Wycombe Wanderers




Ismaīla Sarr can, it seems, do it in front of a packed house against the champions as well as an empty one in the Championship.

The Senegal forward would not have expected his next Watford goal following his coming-of-age double against Liverpool in February to come eight months later in a behind-closed-doors Championship game against Wycombe Wanderers, but Sarr is so free-spirited and lacking in ego that he won't care who the goals come against or even who scores them. He would even have traded his early second-half header here against the Chairboys for three points because, as it turned out, it only came in a draw that felt very different to the one gained against Bournemouth on Saturday.

The expectation was that the third-placed Hornets would win this one against second-bottom and pointless Wycombe, but the Championship is famed for not going according to the form book and this was a stark reminder this division can throw up an unexpected result. This wasn't, though, a smash-and-grab from the home side – they fully deserved the point they picked up and could lay a fairly decent claim to having merited all three.

Ben Foster was the man of the match for the second midweek game in a row and that spoke volumes for the number and quality of chances the home created. It was difficult to believe this was their first point of the season and indeed their first at this level.

Vladimir Ivić promised a difficult match and the Head Coach was spot on. Wycombe gave the Hornets a searching examination, particularly of their physical capabilities, and even the most partisan Watford fan couldn't have grumbled if their beloved team had found themselves at least a goal down at the break.

The Chairboys fashioned four chances, from half chances to gilt-edged ones, in the last third of the half and Gareth Ainsworth, the Wycombe manager, couldn't quite believe his side didn't take one of them. He was jumping up and down in the technical area, unable to fathom how his side hadn't added to their two goals so far this season.

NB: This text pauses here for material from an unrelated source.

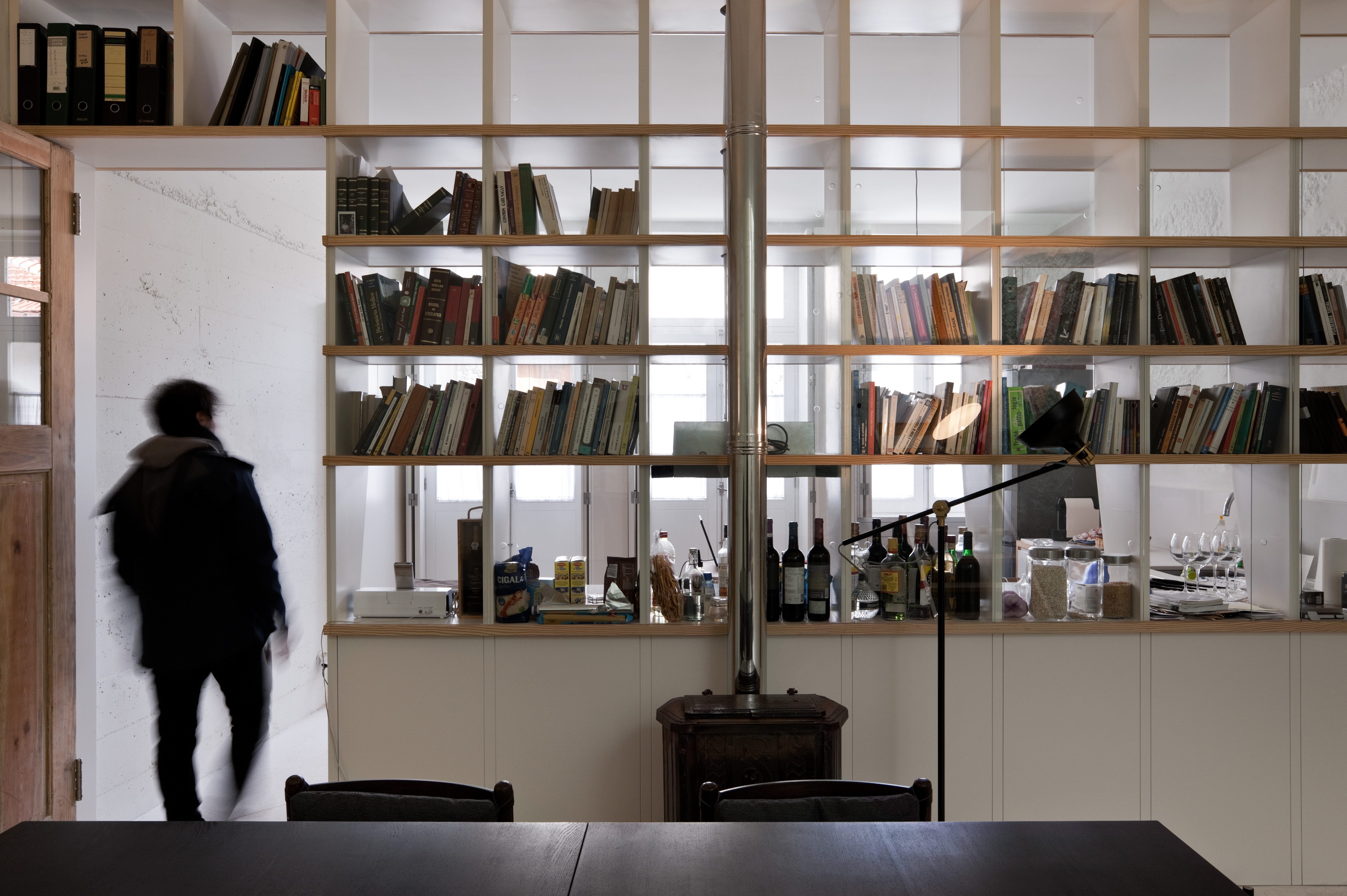The social space on the ground floor – living room and kitchen – is fisically divided, and visually united, by a piece of furniture that works simultaneously as a bookshelf and a cupboard, as it can be accessed through it’s glass sliding frames from both sides. So you can have books in one shelf and ktichen stuff in another. It also filters light in a very subtle way.

Scott Kashket forced a low saw from Foster; Akinfenwa had the Watford 'keeper flying high to his right; the handful of a striker blazed over from close range and then William Troost-Ekong produced a wonderful goal-saving tackle to deny Daryl Horgan in first-half injury time. They really did give this miserly Hornets defence a going over, in a different way to a more progressive side Blackburn did last week. You thought they might judging by the way Horgan closed Cathcart down virtually from the kick-off, a clear sign the visitors were going to be in for a tricky night.

Perhaps the Hornets were not used to having so much of the ball, enjoying 64.7 per cent of the possession and completing more than 100 more passes than their hosts in the first period. They did manage to spray a few lovely cross-field passes across the slick Adams Park pitch, Étienne Capoue, Domingos Quina and Troost-Ekong finding their range in particular, but they were not particularly effective in possession. There was a shot early on from the returning Capoue that he didn't quite catch as he hoped, Ken Sema and Kiko Femenía flashed one each across the face of goal while João Pedro bundled one in with his hand. But, all in all, Ivić would definitely have been demanding more at the break. It was probably the most unhappy he had been at half-time since the game at Hillsborough.

His mood would not have improved when David Wheeler and then Akinfenwa, again, forced smart saves from Foster low to his right. It looked for all the world that Wycombe would eventually score the game's first goal, but as the Hornets learnt so painfully in the Premier League, you get punished, and punished heavily, for not taking your chances. Less than 60 seconds after Akinfenwa's chance, Watford swept up the field down the right, Christian Kabasele played in Femenía who fed over a wonderful cross that Sarr nodded in. Sarr is not prone to huge displays of emotion and he kept his celebrations even more muted as he knew the visitors were very fortunate to find themselves in front.

But ahead they were and you expected them then to close the game out, manage the game with the vast experience they have in their ranks and keep Wycombe at arm's-length. It didn't pan out that way and Wycombe came again, regaining their composure to level things up with a header from Anthony Stewart. Ivić will have been disappointed the goal again originated from a corner from the right.

Foster remained the busier of the two 'keepers and he made another very decent low save, this time from Kashket, to prevent his team from failing behind. Indeed, the visitors would have been glad to see the back of Kashket and Akinfenwa in the last ten minutes.

There was still time for one last heart-in-mouth moment when Wycombe bundled in a disallowed one in injury-time from yet another corner that caused havoc while Glenn Murray, on as a late sub, was a whisker away from finding the bottom corner with one at the death.

But, all in all, it was a relief to come away with a point as this was a game the team would have lost last season, particularly during Project Restart. They are made of slightly sterner stuff under Ivić, plus they have Will Hughes, Andre Gray and Troy Deeney on their way back. They'll get more fluid as the season progresses.